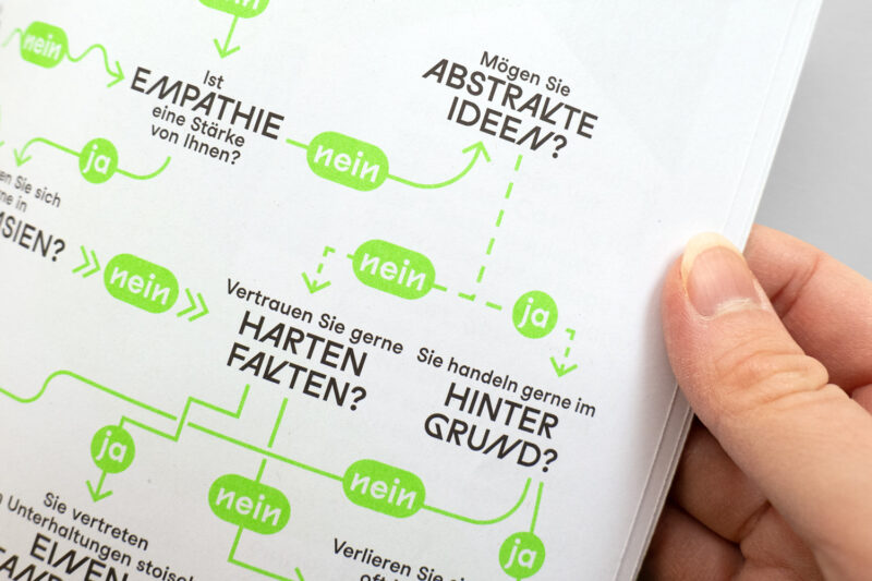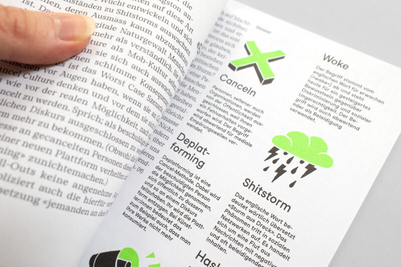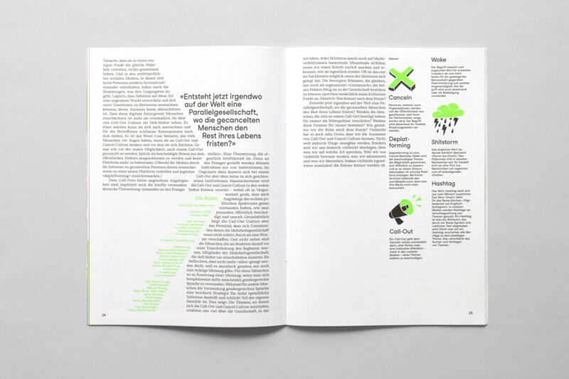 Medium: Geheftetes Magazin mit verkürzter Titelseite; gedruckt mit jeweils einer zusätzlichen Sonderfarbe aus dem Saisonkonzept, wie Neongrün.
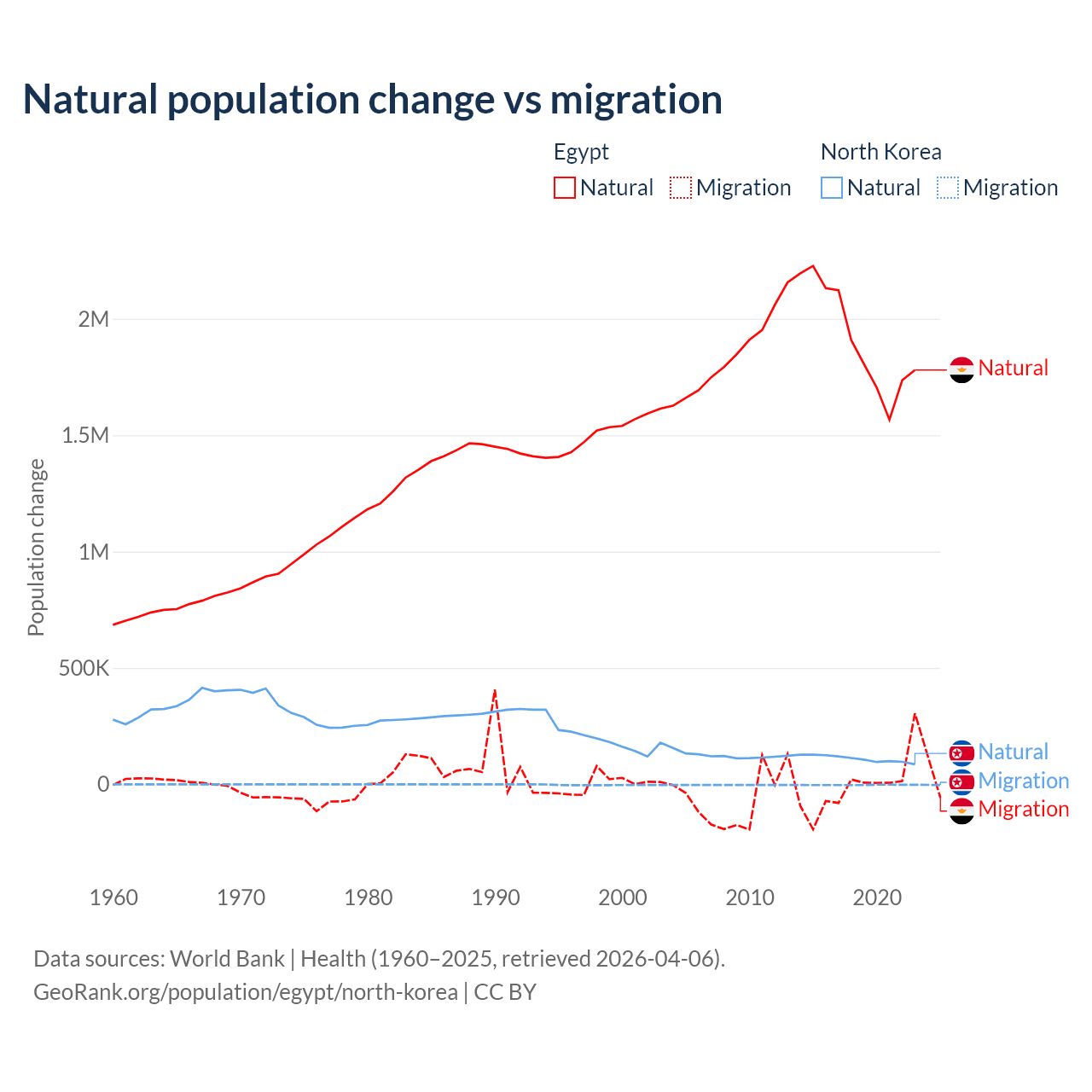 Over the last 10 years, 99.6% of the population change in Egypt is from natural causes (a gain of 19,180,073 people) and 0.41% is from migration (a loss of 78,975 people). In North Korea 97.7% is from natural causes (a gain of 1,097,372 people) and 2.33% is from migration (a loss of 26,227 people).
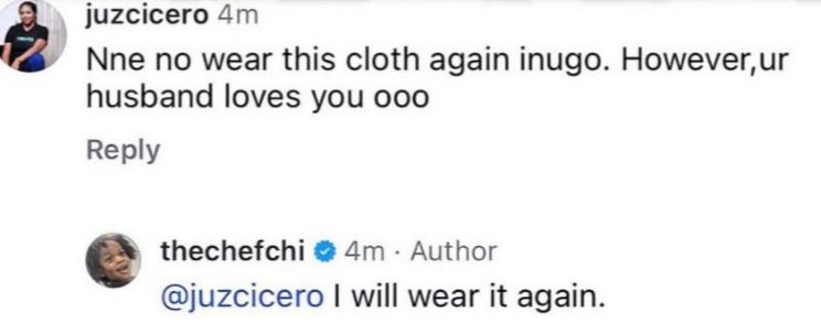 However, one follower wrote: "Nne no wear this cloth again inugo. However, your husband loves you ooo."
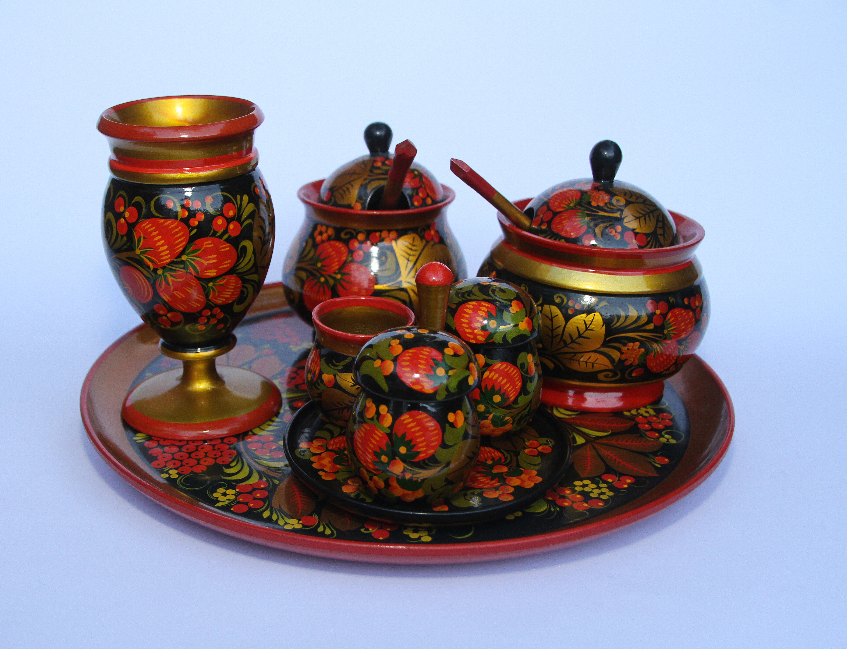 Khokhloma, este nombre es el estilo de pintura (colores vivos y dorados sobre fondo oscuro), que tienen diversos objetos como cucharas, platos y cuencos de madera, la pintura apareció por primera vez en la segunda mitad del siglo XVII en Nizhni Nóvgorod.

→ Problem to solve
Give the listing above again exactly, minus any images.

→ Task response
 Medium: Geheftetes Magazin mit verkürzter Titelseite; gedruckt mit jeweils einer zusätzlichen Sonderfarbe aus dem Saisonkonzept, wie Neongrün.
 Over the last 10 years, 99.6% of the population change in Egypt is from natural causes (a gain of 19,180,073 people) and 0.41% is from migration (a loss of 78,975 people). In North Korea 97.7% is from natural causes (a gain of 1,097,372 people) and 2.33% is from migration (a loss of 26,227 people).
 However, one follower wrote: "Nne no wear this cloth again inugo. However, your husband loves you ooo."
 Khokhloma, este nombre es el estilo de pintura (colores vivos y dorados sobre fondo oscuro), que tienen diversos objetos como cucharas, platos y cuencos de madera, la pintura apareció por primera vez en la segunda mitad del siglo XVII en Nizhni Nóvgorod.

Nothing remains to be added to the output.